US Senate passes bill forcing TikTok parent company to sell or face ban, sends it to Biden for signature

WASHINGTON-

The US Senate on Tuesday passed legislation that would force TikTok’s China-based parent company to sell the social media platform under threat of a ban, a controversial move by US lawmakers that is expected to face legal challenges and disrupt the lives of content creators who depend on the short-form video app for income.

The TikTok legislation was included as part of a broader $95 billion package providing foreign aid to Ukraine and Israel and passed by a vote of 79 to 18. It now falls to President Joe Biden, who endorsed TikTok’s proposal and said he will sign the package as soon as he receives it.

The decision by House Republicans last week to attach the TikTok bill to the high-priority package helped speed its passage in Congress and came after negotiations with the Senate, where an earlier version of the bill law had stalled. That version had given TikTok’s parent company, ByteDance, six months to divest its stakes in the platform. But it generated skepticism among some key lawmakers, concerned that it was too short a window for a complex deal that could be worth tens of billions of dollars.

The revised legislation extends the deadline, giving ByteDance nine months to sell TikTok and a possible three-month extension if a sale is in progress. The bill would also prevent the company from controlling TikTok’s secret sauce: the algorithm that feeds users videos based on their interests and has turned the platform into a trend-setting phenomenon.

The passage of the legislation is the culmination of long-standing bipartisan fears in Washington about Chinese threats and ownership of TikTok, which is used by 170 million Americans. For years, lawmakers and administration officials have expressed concern that Chinese authorities could force ByteDance to hand over data on American users or influence Americans by suppressing or promoting certain content on TikTok.

“Congress is not acting to punish ByteDance, TikTok or any other individual company,” said Senate Commerce Committee Chair Maria Cantwell. “Congress is acting to prevent foreign adversaries from conducting espionage, surveillance, smear operations, and harm to vulnerable Americans, our servicemen and women, and our U.S. government personnel.”

Opponents of the bill say the Chinese government could easily obtain information about Americans in other ways, including through commercial data brokers that traffic in personal information. The foreign aid package includes a provision that makes it illegal for data brokers to sell or rent “sensitive personally identifiable data” to North Korea, China, Russia, Iran or entities in those countries. But it has faced some opposition, including from the American Civil Liberties Union, which says the language is written too broadly and could affect journalists and others who publish personal information.

Many opponents of the TikTok measure argue that the best way to protect American consumers is by implementing a comprehensive federal data privacy law that targets all companies regardless of their origin. They also note that the United States has not provided public evidence showing that TikTok shares American user information with Chinese authorities, or that Chinese officials have ever modified its algorithm.

“Banning TikTok would be an extraordinary step that requires extraordinary justification,” said Becca Branum, deputy director of the Washington-based Center for Democracy and Technology, which advocates for digital rights. “Extending the divestment deadline does not justify the urgency of the threat to the public nor address the legislation’s fundamental constitutional flaws.”

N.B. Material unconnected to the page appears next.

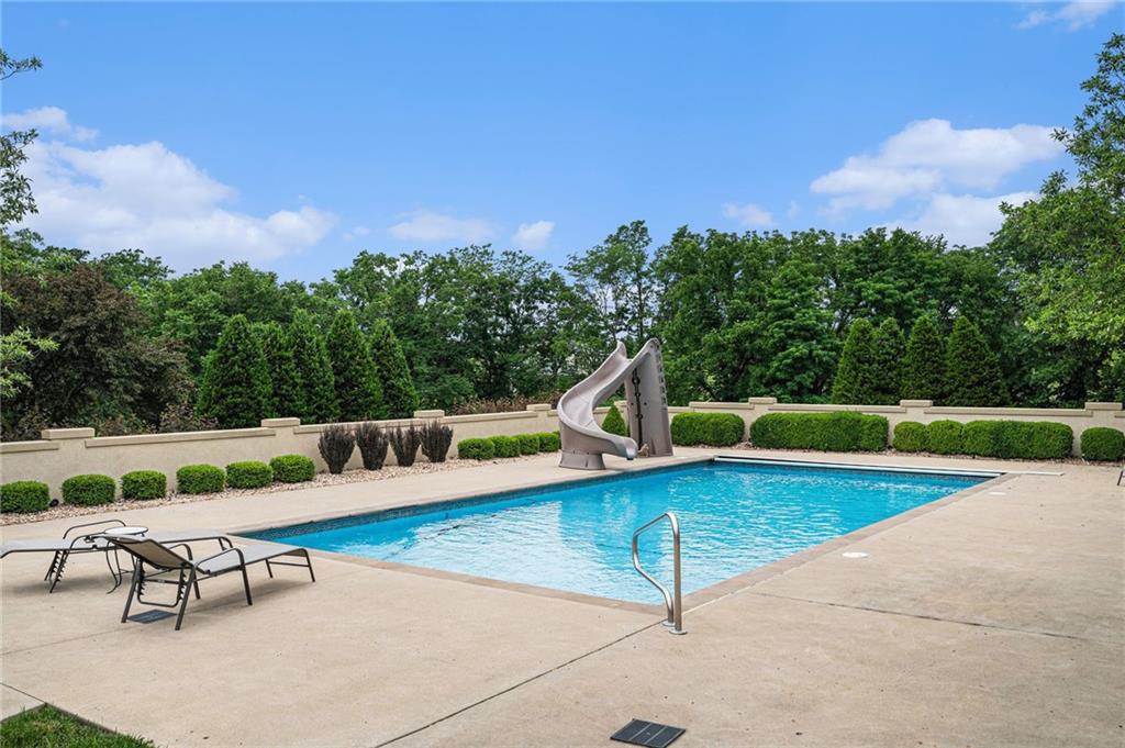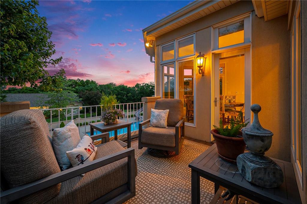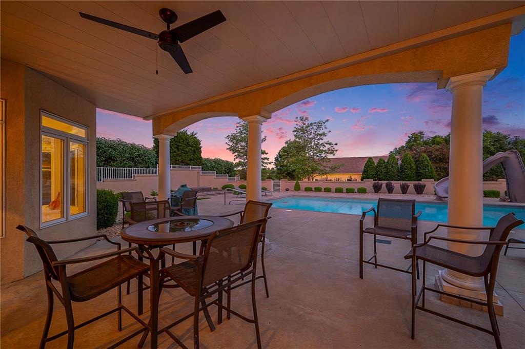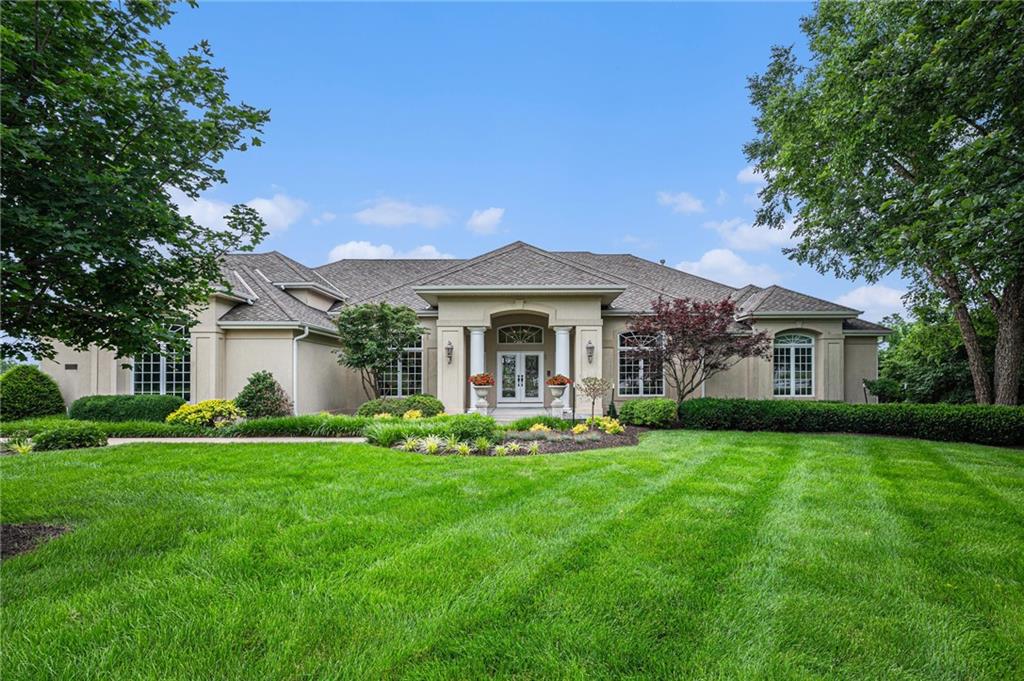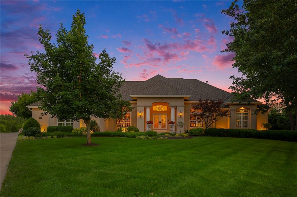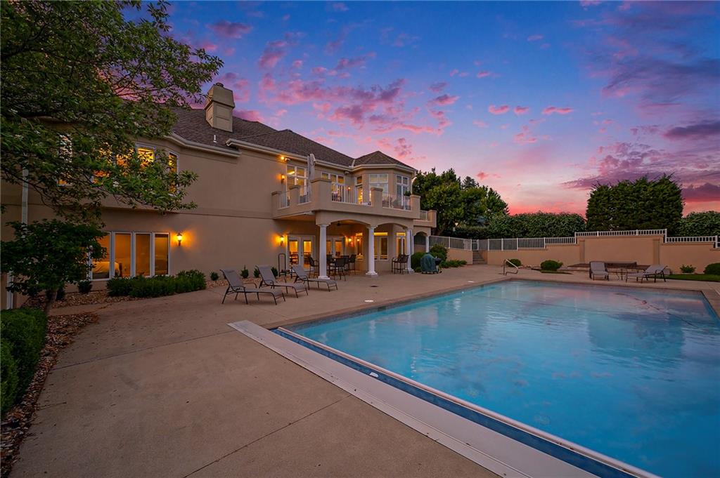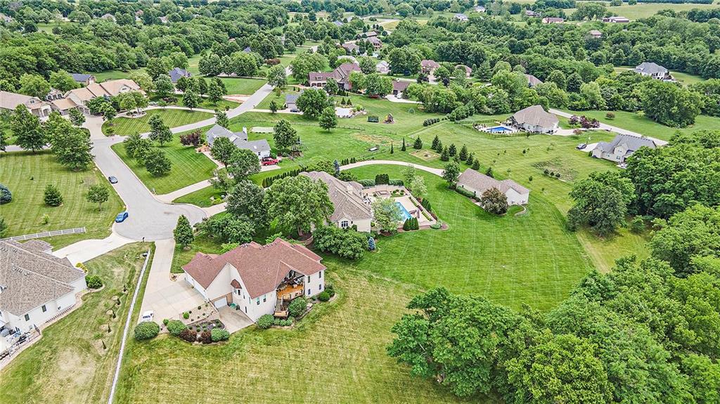 Experience tranquility and sophistication in this stunning 1.8-acre estate, ideally located just outside Kearney city limits and less than 30 minutes from downtown Kansas City, MO. Reimagined in 2021 by Portfolio Kitchen & Home, this home blends modern luxury with timeless elegance. Expansive floor-to-ceiling windows fill the main level with natural light while showcasing views of the sparkling 20’x40’ granite pool. The chef’s kitchen impresses with dual ovens, two Quartzite islands, a butler’s pantry with prep sink, Bosch and Wolf appliances, a wine refrigerator, hidden microwave and coffee station, and a spacious walk-in pantry. The lower level is perfect for entertaining, featuring a 128” projection screen with surround sound, custom wine cellar, sunken bar, exercise room, craft/dining area, and a large game space. A 60’x30’ outbuilding with an adjoining 28’x13’ RV bay includes heating, cooling, concrete floors, and a half bath. Refer to supplements for a complete list of additional features.

China has previously said it would oppose a forced sale of TikTok, and this time it has voiced its opposition. TikTok, which has long denied it is a security threat, is also preparing a lawsuit to block the legislation.

“The moment the bill is signed, we will go to court to file a legal challenge,” Michael Beckerman, TikTok’s head of public policy for the Americas, wrote in a memo sent to employees on Saturday and obtained by The Associated Press.

“This is the beginning, not the end, of this long process,” Beckerman wrote.

The company has had some success in court challenges in the past, but has never tried to stop federal legislation from taking effect.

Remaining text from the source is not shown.